(Supplied material)
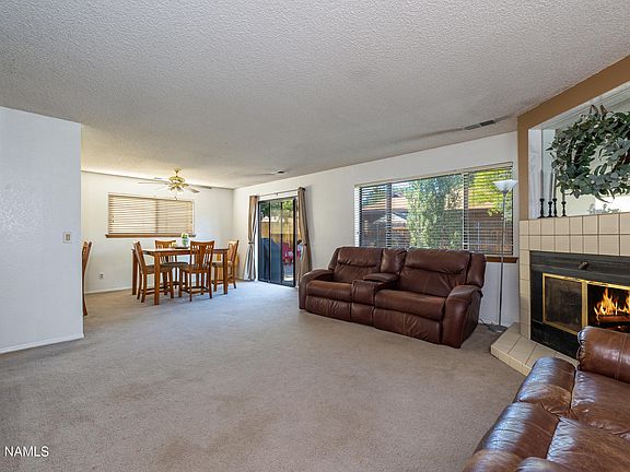 It's Your Turn to Own in Cheshire! Amazing, oversized mantle with gas fireplace and built-in shelving to display your photos/treasures is the focal point of your open living room. Connects to a good-sized kitchen/dining combo with breakfast bar and plenty of space. Incredible backyard offers amazing views of Mt. Elden and the peaks. Perfect Artificial Grass for easy-care solution that allows for games and fun as well as a perfect area for entertaining. A/C, Fresh paint, new interior doors, Water Heater (2020), new flooring, paint in split Primary Bathroom; new paint, flooring and vanity in Main Bathroom. 2-Car Garage has a utility sink, shelving and its own furnace. Additional driveway along the side of house. Do not miss this beautiful 3b/2b Cheshire home in the aspens. Won't last long.
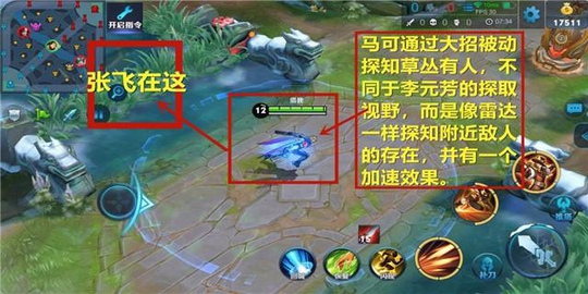 解析:三技能同一技能一样都是可以触发法球效果,并且三技能的被动可以探知草丛的敌人,从而使马可对环境有着一个预警能力,确保自身安全。另外大招可以通过二技能以及闪现达到位移的效果,从而更容易接近残血的敌人来进行收割。
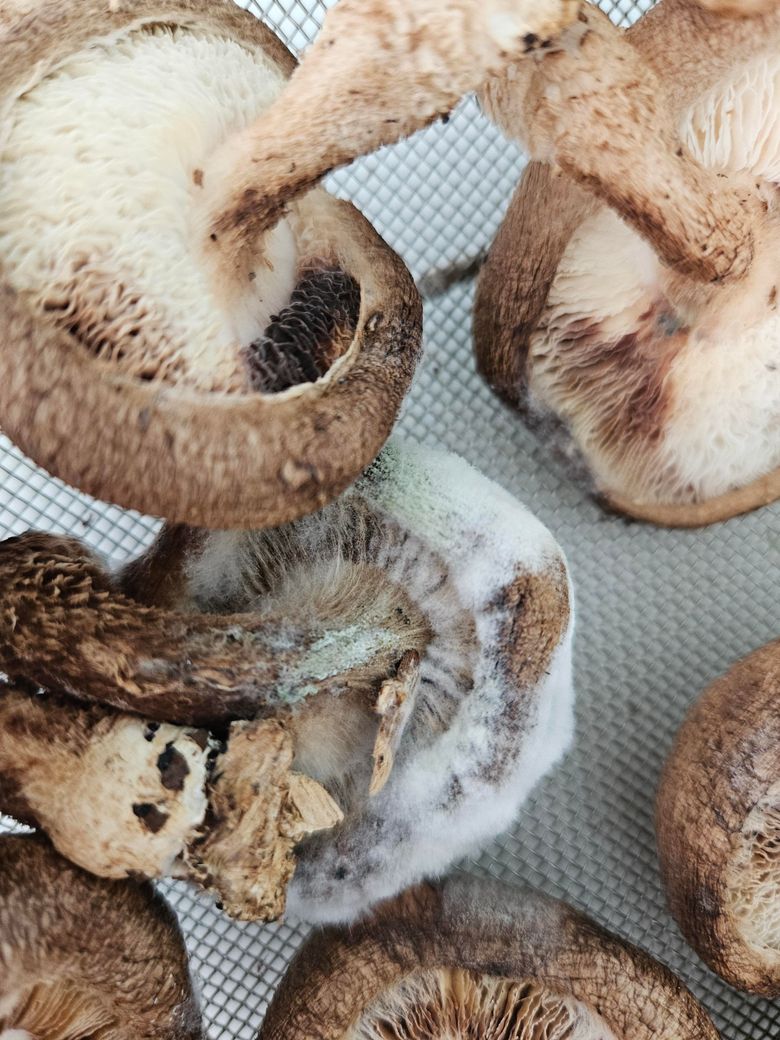 버섯을 말리고 있던 중 버섯 하나에 곰팡이가 하얗게 폈는데 버려야하는지 먹어도 되는 건지 궁금합니다.
(End Supplied material)
:: Exercise goal ::
Each line of the listing above must be given again exactly; the pictures are to be left out.

:: Response ::
 It's Your Turn to Own in Cheshire! Amazing, oversized mantle with gas fireplace and built-in shelving to display your photos/treasures is the focal point of your open living room. Connects to a good-sized kitchen/dining combo with breakfast bar and plenty of space. Incredible backyard offers amazing views of Mt. Elden and the peaks. Perfect Artificial Grass for easy-care solution that allows for games and fun as well as a perfect area for entertaining. A/C, Fresh paint, new interior doors, Water Heater (2020), new flooring, paint in split Primary Bathroom; new paint, flooring and vanity in Main Bathroom. 2-Car Garage has a utility sink, shelving and its own furnace. Additional driveway along the side of house. Do not miss this beautiful 3b/2b Cheshire home in the aspens. Won't last long.
 解析:三技能同一技能一样都是可以触发法球效果,并且三技能的被动可以探知草丛的敌人,从而使马可对环境有着一个预警能力,确保自身安全。另外大招可以通过二技能以及闪现达到位移的效果,从而更容易接近残血的敌人来进行收割。
 버섯을 말리고 있던 중 버섯 하나에 곰팡이가 하얗게 폈는데 버려야하는지 먹어도 되는 건지 궁금합니다.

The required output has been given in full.